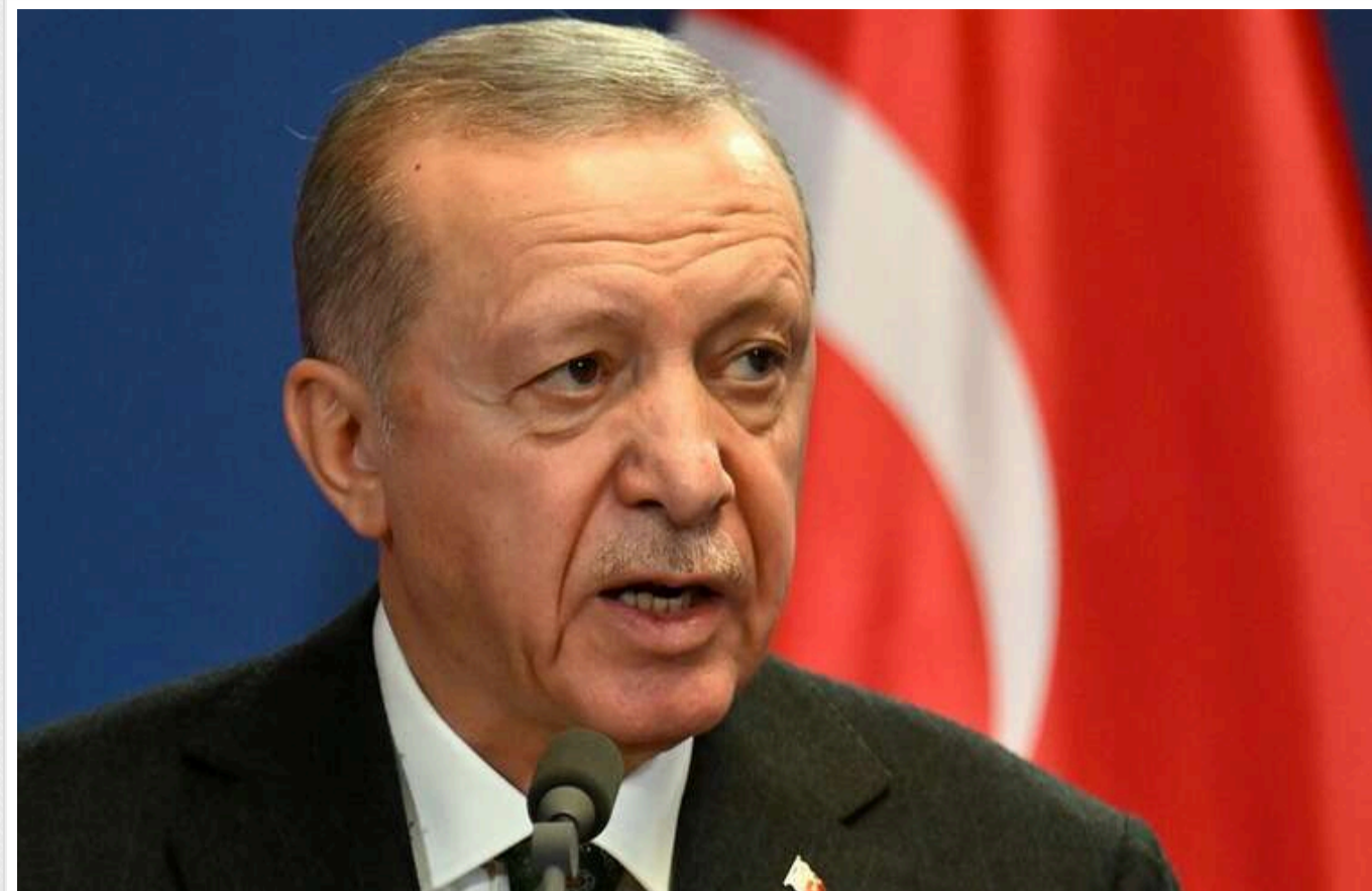
Ердоган заявив, що війна «вже має завершитися»: запропонував Туреччину як переговорний майданчик

На пресконференції із Зеленським Ердоган зазначив, що конфлікт «вже пора закінчити» і запропонував Туреччину як місце для переговорів.
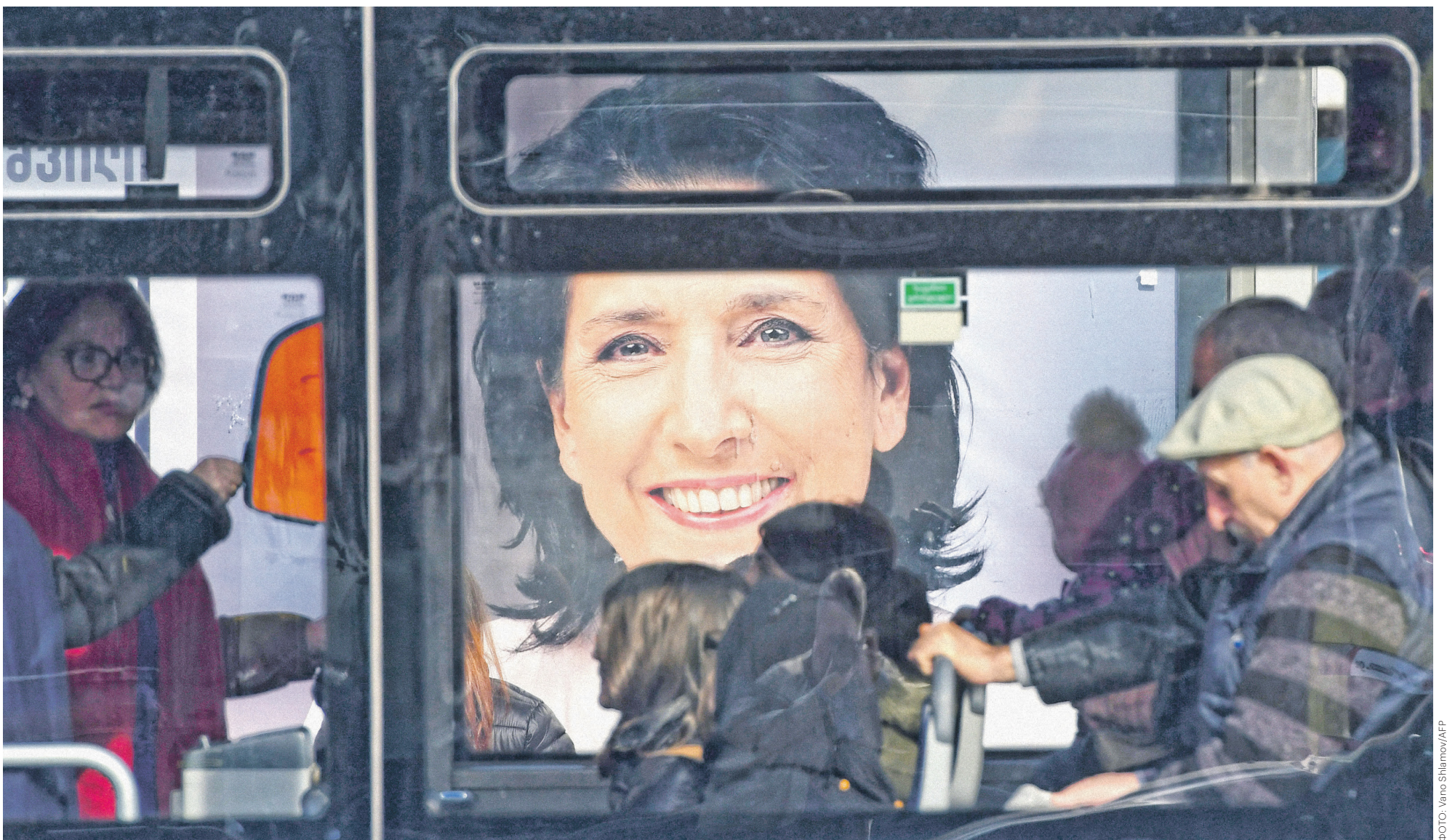
Формально Саломе Зурабишвили является независимым кандидатом, но поддержку ей оказывает правящая в стране с 2012 года «Грузинская мечта» и ее лидер — самый богатый человек Грузии Бидзина Иванишвили
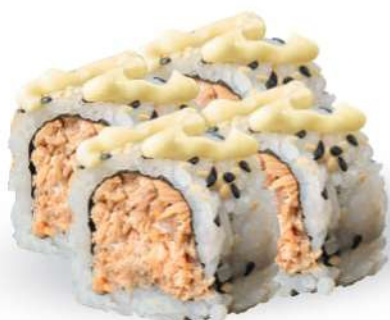
213 SAKE COCIDO Salmón* cocido, mayonesa, sésamo
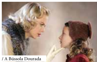
/ A Bússola Dourada

Pretende-se valorizar o fundo audiovisual da Biblioteca, com a exibição sistemática de filmes ou documentários alusivos a temáticas com pertinência temporal e de interesse geral ou local.
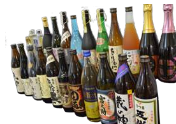
薩摩川内市の焼酎各種 ¥400～
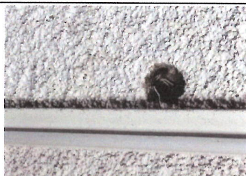
Foto 6: Se muestran las conexiones en el Módulo A , debido a la mala calidad, provoca que se generen variaciones en el voltaje que dañan las lámparas
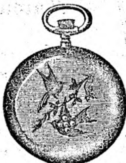
Nr. 200 A.

Orologiu de dame verit. de aur, 14 carate, 30 mm. diametru, frumos gravat, cu coperemint duple fl. 20.—, același în cali- tate mai bună fl. 30.—, același de argint fl. 7.50.
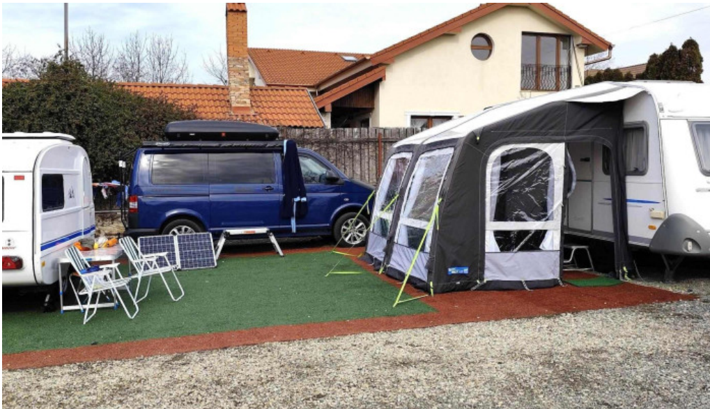
Strand livada de bihor recenzii
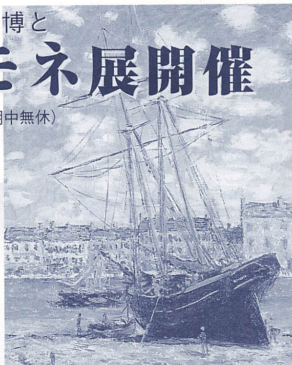
右 海辺の船 1881 東京富士美術館(8月27日まで) 左 プティ・タイユの小道、ヴァランジェヴィル 1882 個人蔵(フランス)
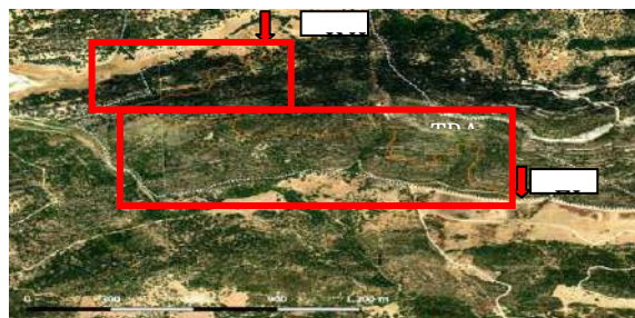
Foto 3. Trazado del camino.

La prospección se llevó a cabo el día 28 de mayo, durante una jornada completa, y se supervisó todo el trazado del camino, desde el principio hasta el final, según planimetrías aportadas por la Dirección Facultativa, y que han servido para la elaboración de este informe. El trazado podría dividirse en 2 tramos diferenciados. Uno, desde el comienzo hasta que el camino gira hacia dirección oeste, y el segundo, desde ese punto hasta la finalización. Esto es, la ladera norte del monte donde se propone el trazado –la umbría-, y la ladera sur (Fig. 3).
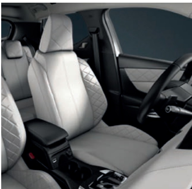
Interiér TROCADERO, světlé polokožené čalounění, látka Luxembourg s kůží Nappa šedá Galet
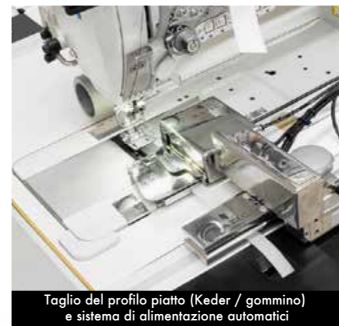
Taglio del profilo piatto (Keder / gommino) e sistema di alimentazione automatici

CRONOS utilizza solo 4 mq di spazio di lavoro, consentendo di adattarsi a laboratori di qualsiasi dimensione.
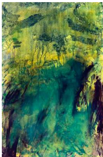
Anne Slacik, Printemps , 2021 peinture sur papier, huiles et pigments, 120x80 cm © Adagp, Paris, 2024
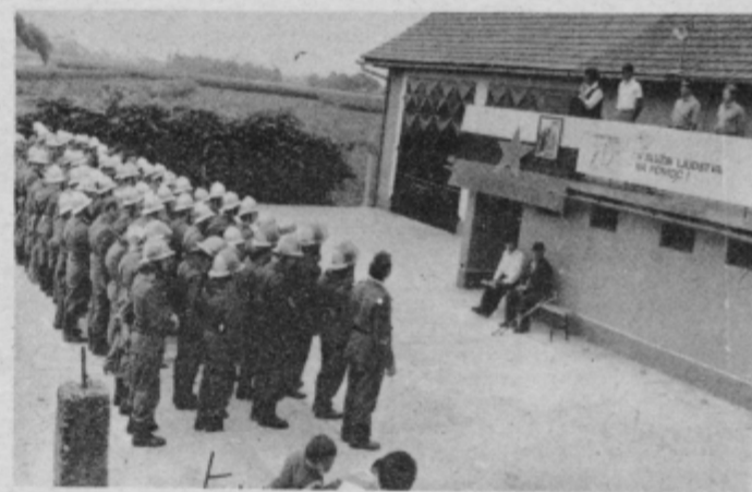
Zbrani gasilci in gostje pred prizidkom gasilskega doma hajdinskih gasilcev.
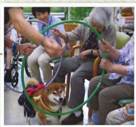
とっても人懐っこいです。
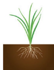
DESARROLLO FOLIAR (4-10 HOJAS)
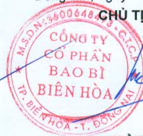
TRẦN TRANG BÌNH
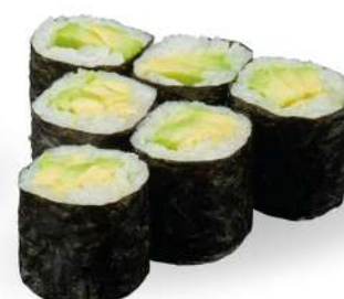
198 AVO MAKI avocado
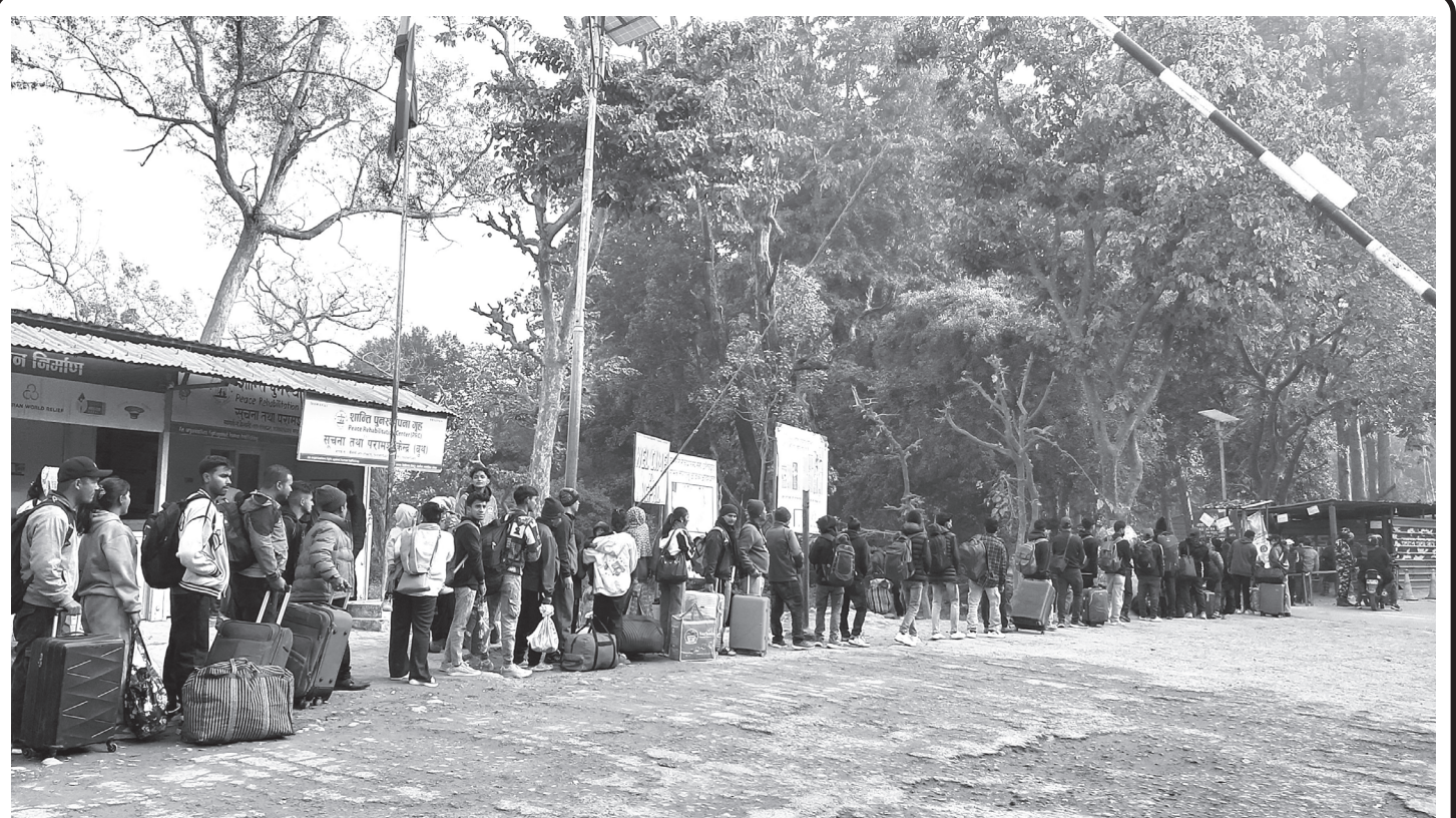
त्रिनगर नाकाबाट भारत प्रवेश गर्दै गरेका नेपालीहरू

उहाँले त्यसमध्ये सबैभन्दा बढी नेपालगञ्जको र सबैभन्दा कम कोहलपुर नगरपालिकाको रहेको उल्लेख गर्दै नाम दर्ताको रेकर्ड जिल्लामा नभएकाले दर्तामा दोहोरोपना देखिएको बताउनुभयो । "हामीले दर्ता गरेर केन्द्रमा पठाएपछि मात्रै थाहा पायौं । हाल नाम अद्यावधिक गर्ने कार्य जारी रहेको बताउनुभयो । मतदाता नामावलीको दोहोरो नाम हटाउने काम पुस ५ गतेसम्म जारी रहने छ," शाहीले भन्नुभयो ।
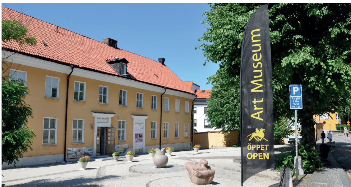
GOTLANDS KONSTMUSEUM.

Gotlands Museum har med hjälp av teknikonsultföretaget SWECO utfört en förstudie angående konstmuseiverksamhetens fysiska placering. Därefter har Gotlands Museum fastslagit att man vill fortsätta bedriva konstmuseiverksamhet i de befintliga lokalerna på Sankt Hansgatan. En programhandling, som innebär en beskrivning hur lokalerna behöver anpassas till verksamhetens behov är framtagen. Nästa steg är att arbeta med finansiering och projektering av ombyggnaden.
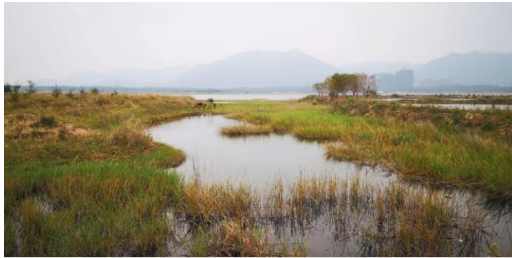
长乐东湖湿地

观鸟比赛，就是参赛队伍在规定时间内使用望远镜观察规定地点范围内的野生鸟类，通过判断种类并完成记录来进行比拼的比赛。本次观鸟比赛旨在传播爱鸟护鸟理念，亲近自然，提高公众对鸟类保护、对环境保护的意识，保护迁徙候鸟，为东湖湿地生物多样性的科学保护提供鸟类种群数据，促进社会对鸟类其栖息地的关注，推动湿地的生态发展。
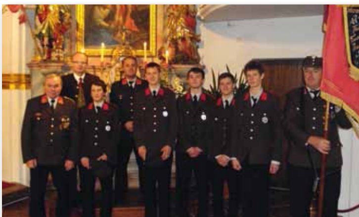
Angelobung der jungen Feuerwehrmänner
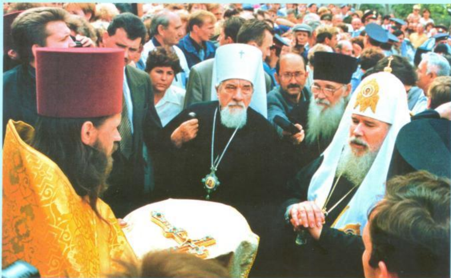
Святейший Патриарх Алексий II и митрополит Леонтий в Обители Милосердия
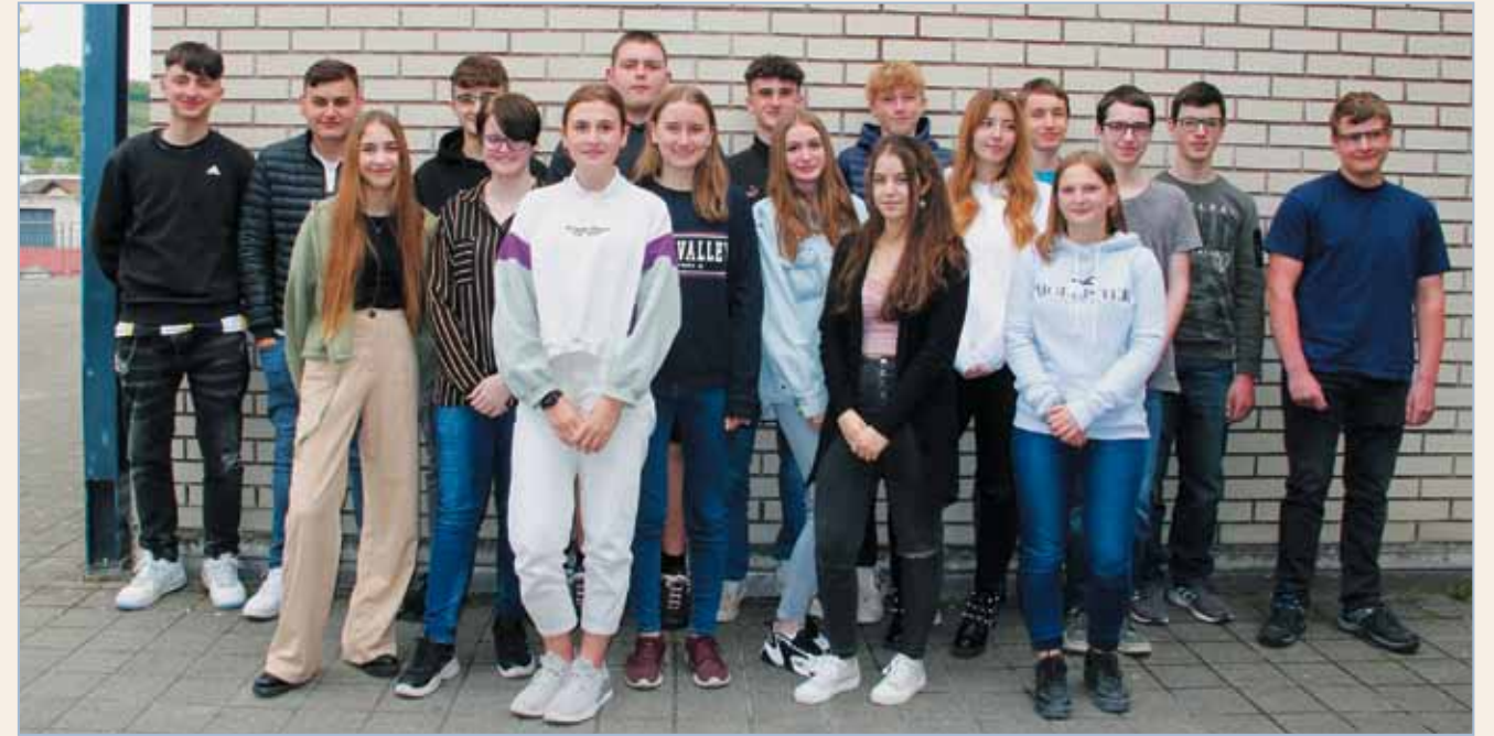
&gt; 3. Sek.
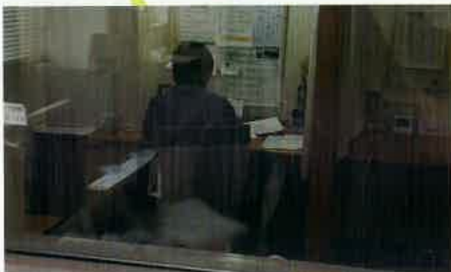
相談者の方の声に寄り添い、自殺を防ぎいのちを守る活動を行っています。(千葉市)

***

> **What the task asks**
Write out the data word for word, with every picture dropped.

> **Response box**
Ердоган заявив, що війна «вже має завершитися»: запропонував Туреччину як переговорний майданчик

На пресконференції із Зеленським Ердоган зазначив, що конфлікт «вже пора закінчити» і запропонував Туреччину як місце для переговорів.
Формально Саломе Зурабишвили является независимым кандидатом, но поддержку ей оказывает правящая в стране с 2012 года «Грузинская мечта» и ее лидер — самый богатый человек Грузии Бидзина Иванишвили
213 SAKE COCIDO Salmón* cocido, mayonesa, sésamo
/ A Bússola Dourada

Pretende-se valorizar o fundo audiovisual da Biblioteca, com a exibição sistemática de filmes ou documentários alusivos a temáticas com pertinência temporal e de interesse geral ou local.
薩摩川内市の焼酎各種 ¥400～
Foto 6: Se muestran las conexiones en el Módulo A , debido a la mala calidad, provoca que se generen variaciones en el voltaje que dañan las lámparas
Nr. 200 A.

Orologiu de dame verit. de aur, 14 carate, 30 mm. diametru, frumos gravat, cu coperemint duple fl. 20.—, același în cali- tate mai bună fl. 30.—, același de argint fl. 7.50.
Strand livada de bihor recenzii
右 海辺の船 1881 東京富士美術館(8月27日まで) 左 プティ・タイユの小道、ヴァランジェヴィル 1882 個人蔵(フランス)
Foto 3. Trazado del camino.

La prospección se llevó a cabo el día 28 de mayo, durante una jornada completa, y se supervisó todo el trazado del camino, desde el principio hasta el final, según planimetrías aportadas por la Dirección Facultativa, y que han servido para la elaboración de este informe. El trazado podría dividirse en 2 tramos diferenciados. Uno, desde el comienzo hasta que el camino gira hacia dirección oeste, y el segundo, desde ese punto hasta la finalización. Esto es, la ladera norte del monte donde se propone el trazado –la umbría-, y la ladera sur (Fig. 3).
Interiér TROCADERO, světlé polokožené čalounění, látka Luxembourg s kůží Nappa šedá Galet
Taglio del profilo piatto (Keder / gommino) e sistema di alimentazione automatici

CRONOS utilizza solo 4 mq di spazio di lavoro, consentendo di adattarsi a laboratori di qualsiasi dimensione.
Anne Slacik, Printemps , 2021 peinture sur papier, huiles et pigments, 120x80 cm © Adagp, Paris, 2024
Zbrani gasilci in gostje pred prizidkom gasilskega doma hajdinskih gasilcev.
とっても人懐っこいです。
DESARROLLO FOLIAR (4-10 HOJAS)
TRẦN TRANG BÌNH
198 AVO MAKI avocado
त्रिनगर नाकाबाट भारत प्रवेश गर्दै गरेका नेपालीहरू

उहाँले त्यसमध्ये सबैभन्दा बढी नेपालगञ्जको र सबैभन्दा कम कोहलपुर नगरपालिकाको रहेको उल्लेख गर्दै नाम दर्ताको रेकर्ड जिल्लामा नभएकाले दर्तामा दोहोरोपना देखिएको बताउनुभयो । "हामीले दर्ता गरेर केन्द्रमा पठाएपछि मात्रै थाहा पायौं । हाल नाम अद्यावधिक गर्ने कार्य जारी रहेको बताउनुभयो । मतदाता नामावलीको दोहोरो नाम हटाउने काम पुस ५ गतेसम्म जारी रहने छ," शाहीले भन्नुभयो ।
GOTLANDS KONSTMUSEUM.

Gotlands Museum har med hjälp av teknikonsultföretaget SWECO utfört en förstudie angående konstmuseiverksamhetens fysiska placering. Därefter har Gotlands Museum fastslagit att man vill fortsätta bedriva konstmuseiverksamhet i de befintliga lokalerna på Sankt Hansgatan. En programhandling, som innebär en beskrivning hur lokalerna behöver anpassas till verksamhetens behov är framtagen. Nästa steg är att arbeta med finansiering och projektering av ombyggnaden.
长乐东湖湿地

观鸟比赛，就是参赛队伍在规定时间内使用望远镜观察规定地点范围内的野生鸟类，通过判断种类并完成记录来进行比拼的比赛。本次观鸟比赛旨在传播爱鸟护鸟理念，亲近自然，提高公众对鸟类保护、对环境保护的意识，保护迁徙候鸟，为东湖湿地生物多样性的科学保护提供鸟类种群数据，促进社会对鸟类其栖息地的关注，推动湿地的生态发展。
Angelobung der jungen Feuerwehrmänner
Святейший Патриарх Алексий II и митрополит Леонтий в Обители Милосердия
&gt; 3. Sek.
相談者の方の声に寄り添い、自殺を防ぎいのちを守る活動を行っています。(千葉市)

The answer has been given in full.